◆ Supplied data

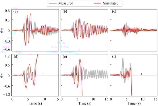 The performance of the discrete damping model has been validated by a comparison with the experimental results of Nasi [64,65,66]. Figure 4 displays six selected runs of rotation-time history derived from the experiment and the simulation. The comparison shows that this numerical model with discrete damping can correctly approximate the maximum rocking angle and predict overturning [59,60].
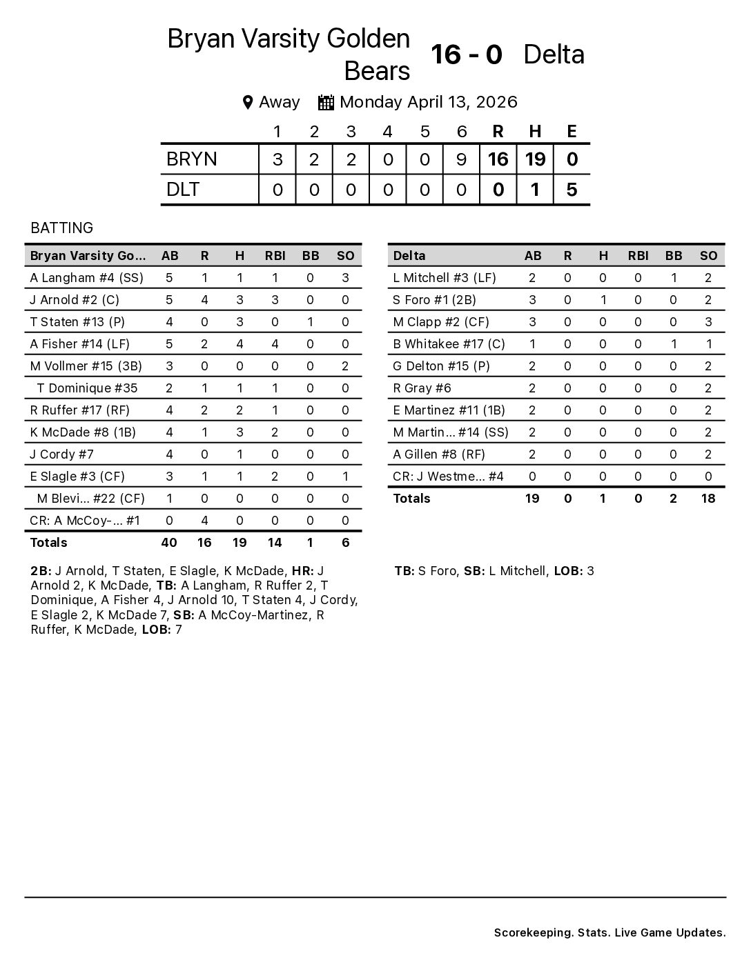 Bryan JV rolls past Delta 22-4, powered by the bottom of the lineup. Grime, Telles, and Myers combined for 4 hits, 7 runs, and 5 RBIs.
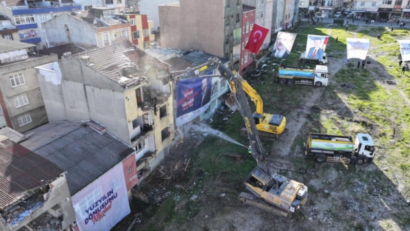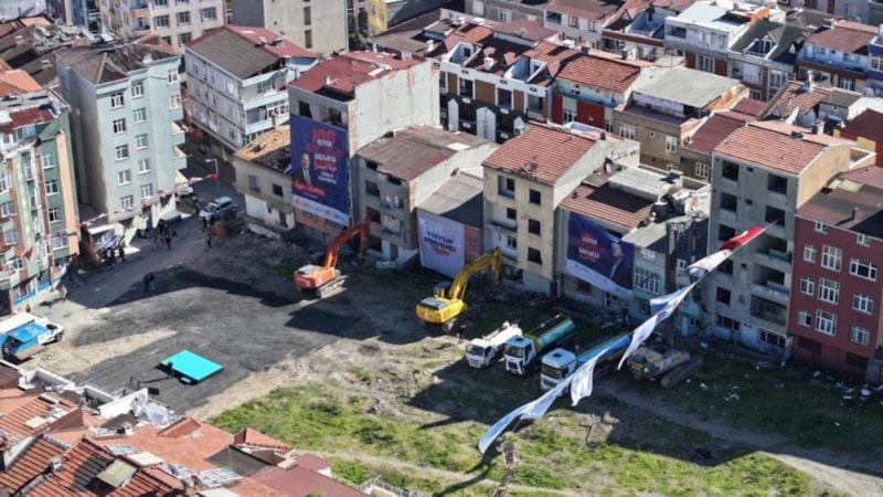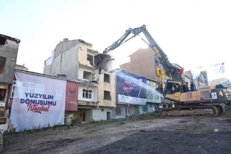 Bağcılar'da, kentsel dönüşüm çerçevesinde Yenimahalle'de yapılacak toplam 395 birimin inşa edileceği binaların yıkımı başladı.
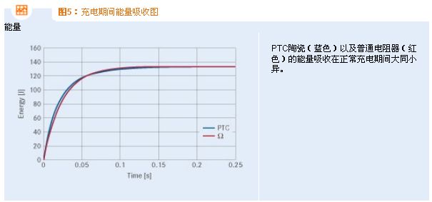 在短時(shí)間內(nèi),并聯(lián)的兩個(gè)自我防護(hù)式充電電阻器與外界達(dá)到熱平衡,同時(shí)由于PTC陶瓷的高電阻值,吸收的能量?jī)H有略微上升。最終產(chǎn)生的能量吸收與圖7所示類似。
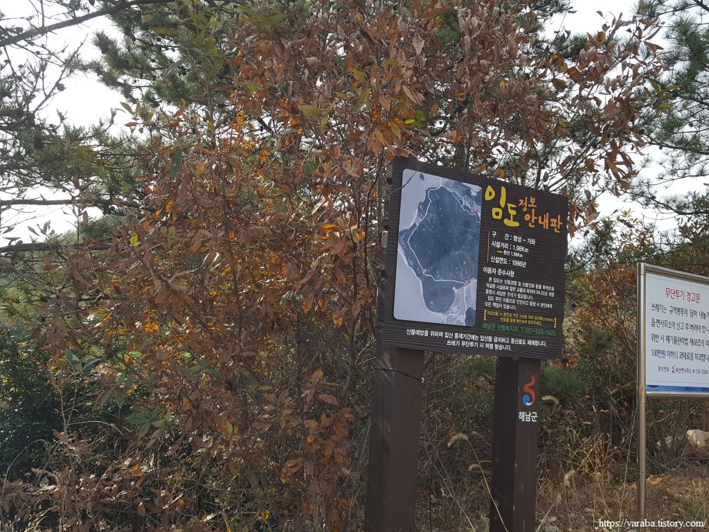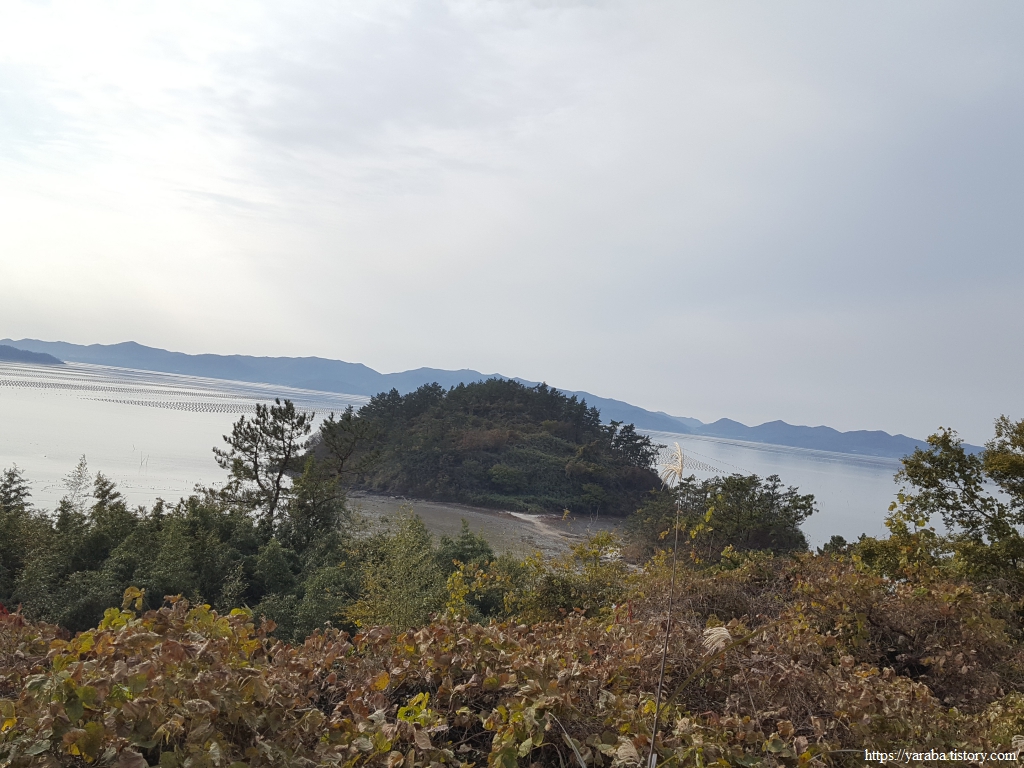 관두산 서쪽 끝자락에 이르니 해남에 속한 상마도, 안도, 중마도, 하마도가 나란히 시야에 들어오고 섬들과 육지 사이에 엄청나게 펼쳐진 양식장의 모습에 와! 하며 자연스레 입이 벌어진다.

--

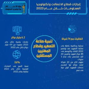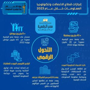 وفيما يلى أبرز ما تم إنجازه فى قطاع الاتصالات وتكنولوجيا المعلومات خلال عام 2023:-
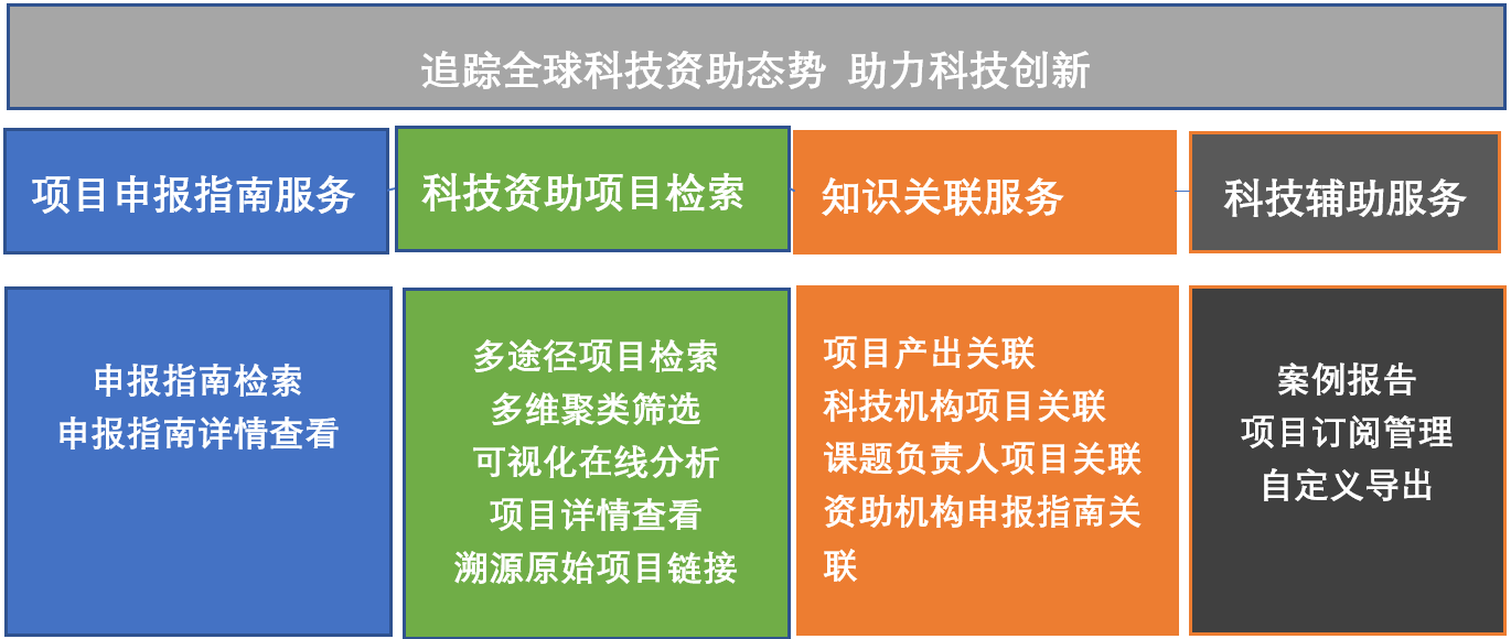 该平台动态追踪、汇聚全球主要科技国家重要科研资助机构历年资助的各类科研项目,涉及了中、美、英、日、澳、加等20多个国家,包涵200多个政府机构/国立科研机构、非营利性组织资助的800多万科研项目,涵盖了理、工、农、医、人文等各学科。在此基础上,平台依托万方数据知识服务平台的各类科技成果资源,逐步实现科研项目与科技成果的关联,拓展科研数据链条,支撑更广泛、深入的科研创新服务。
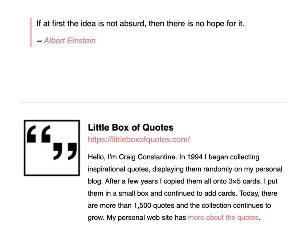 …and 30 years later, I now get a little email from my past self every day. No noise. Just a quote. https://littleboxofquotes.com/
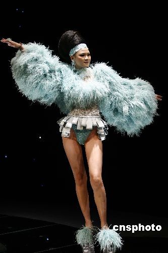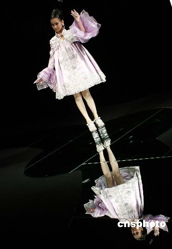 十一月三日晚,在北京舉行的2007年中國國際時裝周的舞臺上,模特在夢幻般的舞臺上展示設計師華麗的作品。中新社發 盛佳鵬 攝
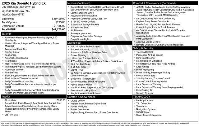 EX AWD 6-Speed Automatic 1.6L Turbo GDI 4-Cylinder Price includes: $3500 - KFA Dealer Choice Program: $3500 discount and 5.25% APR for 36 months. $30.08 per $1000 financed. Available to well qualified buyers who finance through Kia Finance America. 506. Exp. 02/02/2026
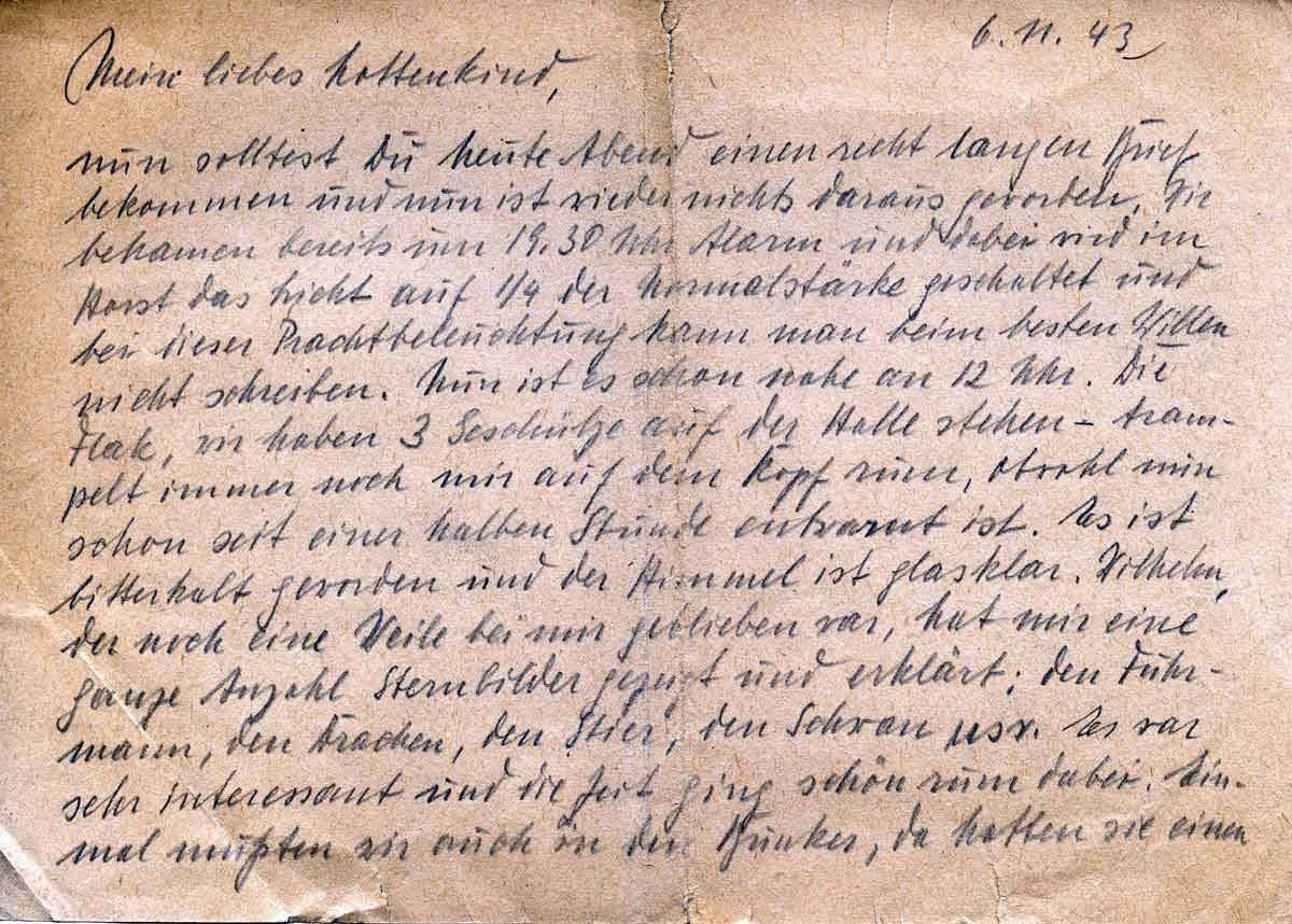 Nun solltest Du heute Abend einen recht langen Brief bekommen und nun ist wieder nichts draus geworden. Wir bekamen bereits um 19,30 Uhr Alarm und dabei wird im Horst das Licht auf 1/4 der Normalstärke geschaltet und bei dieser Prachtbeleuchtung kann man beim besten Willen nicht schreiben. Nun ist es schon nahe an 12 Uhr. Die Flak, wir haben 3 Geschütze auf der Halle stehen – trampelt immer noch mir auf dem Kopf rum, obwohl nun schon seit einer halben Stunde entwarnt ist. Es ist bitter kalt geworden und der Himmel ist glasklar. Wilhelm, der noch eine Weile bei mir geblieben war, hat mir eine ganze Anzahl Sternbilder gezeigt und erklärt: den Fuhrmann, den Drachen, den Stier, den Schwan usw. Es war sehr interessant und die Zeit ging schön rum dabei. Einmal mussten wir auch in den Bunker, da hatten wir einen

◆ How to complete this task
In the listing above, find the line with "十一月三日晚,在北京舉行的2007年中國國際時裝周的舞臺上,模特在夢幻般的舞臺上展示設計師華麗的作品。中新社發 盛佳鵬 攝" and the line with "EX AWD 6-Speed". Set down exactly those lines and everything between them, skipping pictures.

◆ Written answer
 十一月三日晚,在北京舉行的2007年中國國際時裝周的舞臺上,模特在夢幻般的舞臺上展示設計師華麗的作品。中新社發 盛佳鵬 攝
 EX AWD 6-Speed Automatic 1.6L Turbo GDI 4-Cylinder Price includes: $3500 - KFA Dealer Choice Program: $3500 discount and 5.25% APR for 36 months. $30.08 per $1000 financed. Available to well qualified buyers who finance through Kia Finance America. 506. Exp. 02/02/2026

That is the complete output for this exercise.